Sophia, la mère de Yaldabaôth, le créateur du monde sensible, était le douzième éon pur du Fils primordial androgyne/Barbélô. Agissant seule sans l’accord des cinq éons mâles du Père, il y a eu une rupture de son état androgyne Mère-Père, et elle devient uniquement Mère. “Une partie d'elle-même nommée Sophia se projette hors de l'intelligible”, dans le sensible, l'autre partie, nommée “Epinoia de la lumière” demeure dans l’intelligible. L’union de la Sophia “sensible” et d’Adam donne naissance à la lignée des “psychiques” (empêtrés dans le sensible), Caïn et Abel. L’union d’Epinoia et d’Adam, donne naissance à la lignée des “spirituels” de Seth (ayant préservé le lien avec l’intelligible). La part “spirituelle” semble liée aux cinq éons mâles du Père, et sans doute à "la part mâle de l'âme" sur laquelle je reviendrai une autre fois. 

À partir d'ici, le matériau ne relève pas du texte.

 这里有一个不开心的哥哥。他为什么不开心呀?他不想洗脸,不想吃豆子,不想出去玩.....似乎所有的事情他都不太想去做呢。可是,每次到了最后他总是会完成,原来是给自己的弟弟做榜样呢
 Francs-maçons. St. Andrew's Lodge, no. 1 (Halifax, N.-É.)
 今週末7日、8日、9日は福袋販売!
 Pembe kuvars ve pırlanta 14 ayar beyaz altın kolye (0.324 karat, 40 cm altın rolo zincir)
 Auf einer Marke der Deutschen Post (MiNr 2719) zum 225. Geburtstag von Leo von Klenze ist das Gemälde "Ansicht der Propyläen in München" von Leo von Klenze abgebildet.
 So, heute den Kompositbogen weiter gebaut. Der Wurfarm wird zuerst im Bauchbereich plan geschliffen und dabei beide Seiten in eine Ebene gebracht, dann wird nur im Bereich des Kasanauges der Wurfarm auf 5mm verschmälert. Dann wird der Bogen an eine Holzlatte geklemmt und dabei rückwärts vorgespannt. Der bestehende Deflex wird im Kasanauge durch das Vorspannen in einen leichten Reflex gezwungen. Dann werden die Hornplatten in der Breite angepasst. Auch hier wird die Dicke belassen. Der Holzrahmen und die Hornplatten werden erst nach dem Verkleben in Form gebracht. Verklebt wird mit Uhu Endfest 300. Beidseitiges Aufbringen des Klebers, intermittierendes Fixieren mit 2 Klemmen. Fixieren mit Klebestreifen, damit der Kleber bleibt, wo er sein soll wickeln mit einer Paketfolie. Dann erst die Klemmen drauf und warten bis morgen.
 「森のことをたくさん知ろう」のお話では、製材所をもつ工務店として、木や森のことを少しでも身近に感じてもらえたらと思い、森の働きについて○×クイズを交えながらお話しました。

Tous les humains, descendants de Sophia/Epinoia ont une parcelle de Lumière et donc une possibilité de remontée vers l’intelligible, mais se divisent en trois races/familles ou “filiations spirituelles” (g. genea s. gotra, kula t. rigs). Ce qui est très remarquable chez les Sethiens, c’est “que certains descendants de Seth accèdent directement à la connaissance” tandis que “d'autres choisissent de se laisser enfermer dans le monde archontique pour venir en aide aux âmes des psychiques qui s'y trouvent enfermées”. Des bodhisattvas pourrait-on dire.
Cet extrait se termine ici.